The greatest joy of Lotte Wakeham’s production of Howard Goodall’s and Charles Hart’s musical The Kissing-Dance is how beautifully she and Musical Director Tom Attwood make the actor-musician concept works. It gives the show a real sense of music being in every corner.
Based on Oliver Goldsmith’s eighteenth-century sentimental comedy She Stoops To Conquer, Goodall and Hart wrote the piece for the National Youth Music Theatre in in 1999 and this first professional production has leading lady Gina Beck reprising her role as Miss Kate Hardcastle. The operetta-like feel has some echoes of a younger A Little Night Music without the ‘knives in the whipped cream.’ There’s lots of moonlit madness in a country house, some complex harmonies and romantic near misses that come right in the end.
Whilst sharing the wordiness of Gilbert and Sullivan and the innocence of Salad Days (apart from some very jarring profanity), the music doesn’t come close to its influences in terms of developing a distinctive character. There are some delightful moments in the score, particularly Kate’s solo Miss Hardcastle’s Wedding, but a considerable amount of the music is as insipid as Goodall’s (in this reviewer’s opinion) dreadful Love Story and many of Hart’s lyrics are wincingly fussy when they should be fluently witty.
The transition from the eighteenth century to the Edwardian era is a sensible one. As well as being distancing, elaborate eighteenth-century style gowns and wigs aren’t easy to move in and would be a tight squeeze on the Jermyn Street stage. Samal Blak’s magnolia-coloured set is elegantly simple and Karen Frances’s costumes suitably charming. The action takes place on All Fool’s Eve, a night when anything goes, fitting in nicely with this period in which children have very different ideas to their parents as to what the future holds.
The lady of the house, Mrs Dorothy Hardcastle (a role made her own by a young Sheridan Smith, and now in the capable clutches of redoubtable character actress Beverley Klein) wants her spoiled son by her first marriage Tony Lumpkin (Jack Shalloo, who plays his character’s delinquencies purely for laughs) safely married off to his cousin Constance, a young lady in possession of an impressive collection of jewels.
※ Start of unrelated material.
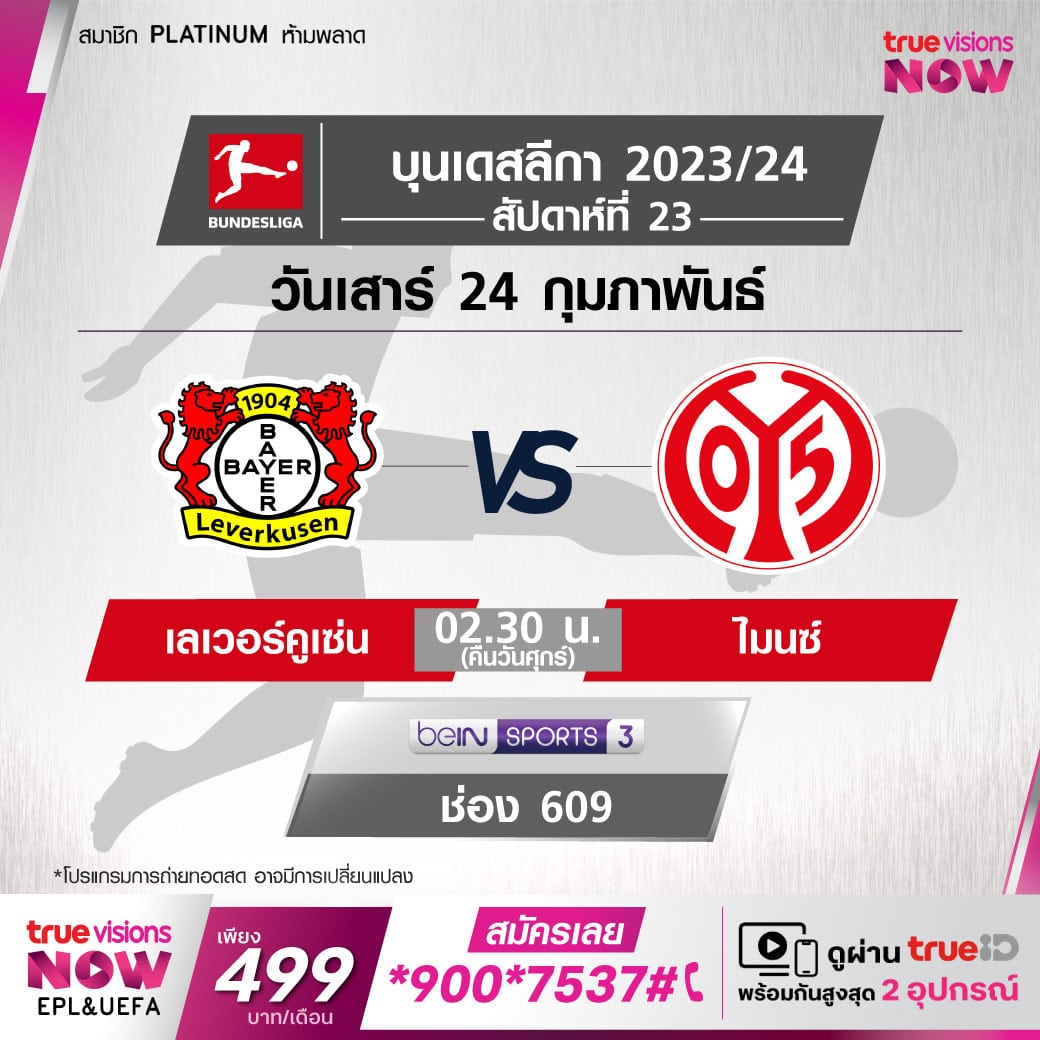 - 30 ก.ย. 66 บุนเดสลีกา ไมนซ์ 05 0 – 3 เลเวอร์คูเซ่น

Lumpkin, however, prefers the company of blowsy barmaid Bet Bouncer (a rambunctious Lauren Storer in a very ill-fitting dress) and Constance’s heart is given elsewhere. The entire house is in uproar when the jewels go missing, particularly as two young gentlemen from London (who seem to think that the house is an inn) have turned up unexpectedly.
Kate Hardcastle, she who stoops to conquer, is both compliant and subversive, keen to fall in love with the man whom her father has chosen for her whilst taking the risk of transforming herself into a lowly serving maid when discovering that her intended (Ian Virgo, who created the role of Tony Lumpkin) is perfectly at home with wenches, but tongue-tied in front of ladies. Unfortunately, we never really get a sense of why she’s so smitten by this rather smarmy character. Gina Beck has a lovely mixture of archness and wistfulness as well as a gleaming soprano and the sisterly relationship between her and Constance (Gemma Sutton) is touchingly played.
It’s hard to imagine The Kissing-Dance making a stir in the West End. However, in the sympathetic intimacy of Jermyn Street, this is an accomplished boutique production that’s presented and performed with enough warmth and sprightly charm to win over a cynic or two.